The mean Quan-Charlson comor-bidity index for patients in the first, second, third, and fourth quartiles of healthcare
costs were 0.3, 0.5, 0.5, and 0.8, respectively. Greater than 90 %of patients in each quartile were non-cirrhotic. The corresponding proportion of patients with cirrhosis at baseline was 0.9%, 1.6%, 1.5%, and 2.5 %and end stage liver disease (ESLD) at baseline was 0.9%, 1.6%, 2.8 selleck inhibitor %and 6.3%, respectively. Compared to the lowest costs quartile group, the highest quartile group had a higher proportion of patients with diabetes (17.2 %vs. 6.1%), psychiatric disease (11.8 %vs. 5.3%), depression (11.9 %vs. 2.8%), substance abuse (6.9 %vs. 3.0%), ≥2 CHC-related conditions (16.4 %vs. 3.2%), and ≥2 non-CHC conditions (4.9 %vs. 1.6%). The strongest predictors of being in the highest cost quartile were ESLD (odds ratio relative to first quartile [OR; 95%CI]; 3.00 [1.45-6.21]), having two or more non-CHC conditions find more (OR: 1.92 [1.25-2.96]), and medical visits to a gastroenterologist (OR: 1.32 [1.05-1.66]). Conclusions: This real-world study suggests that CHC patients with the highest healthcare resource utilization and costs had a high level
of comorbidity at baseline, and that non-CHC conditions are strong predictors of high healthcare costs.
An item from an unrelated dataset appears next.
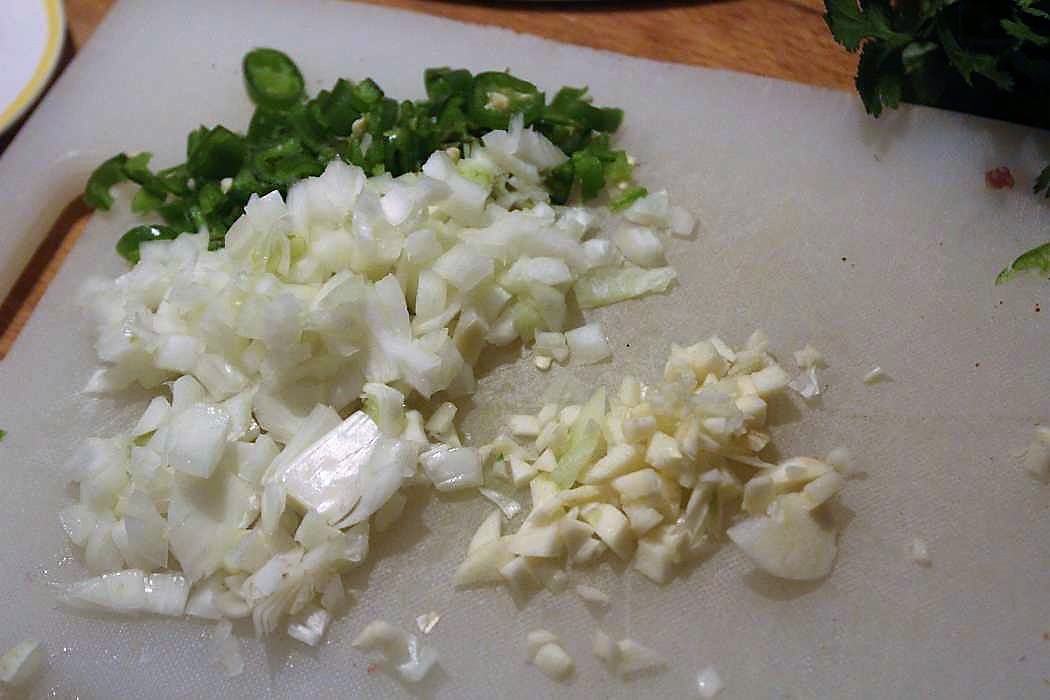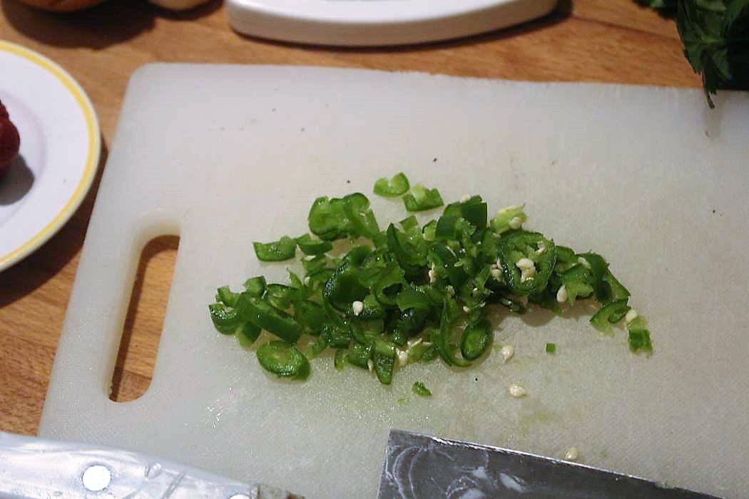 1 grüne Peperoni klein hacken.
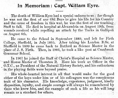 son, Captain William Eyre, who died at Alexandria on August 19th,

Since the majority of patients across quartiles of HRU were non-cirrhotic, liver disease severity alone does not fully predict high HRU consumption, although when present it is a predictor of high HRU. Disclosures: Joyce LaMori – Employment: Janssen Scientific Affairs, LLC; Stock Shareholder: Johnson & Johnson Neeta Tandon – Employment: Johnson & Johnson Co Francois Laliberte – Grant/Research Support: Janssen Scientific Affairs 上海皓元医药股份有限公司 Guillaume
Germain – Grant/Research Support: Janssen Scientific Affairs, LLC D. Pilon – Employment: Analysis Group Patrick Lefebvre – Grant/Research Support: Janssen Scientific Affairs Avinash Prabhakar – Employment: Janssen Scientific Affairs, LLC Background: More than 200,000 individuals are estimated to have chronic HCV infection in Poland; however, only 15 %have been diagnosed. A modeling approach was used to examine HCV-related disease progression and evaluate the strategies required to control disease burden or eliminate HCV disease. Methods: The infected population and associated disease progression were modeled using 36 age- and gender-defined cohorts to track HCV incidence, prevalence, hepatic complications and mortality. Baseline assumptions and transition probabilities were extracted from the literature. The impacts of two scenarios on HCV-related disease burden were considered through increases in SVR, treatment and diagnosis (elimination only). Results: Under the baseline scenario, 201,000 individuals were chronically infected in Poland in 2013. In 2013, it is estimated that 76 %of the infected population was born between 1949 and 1988.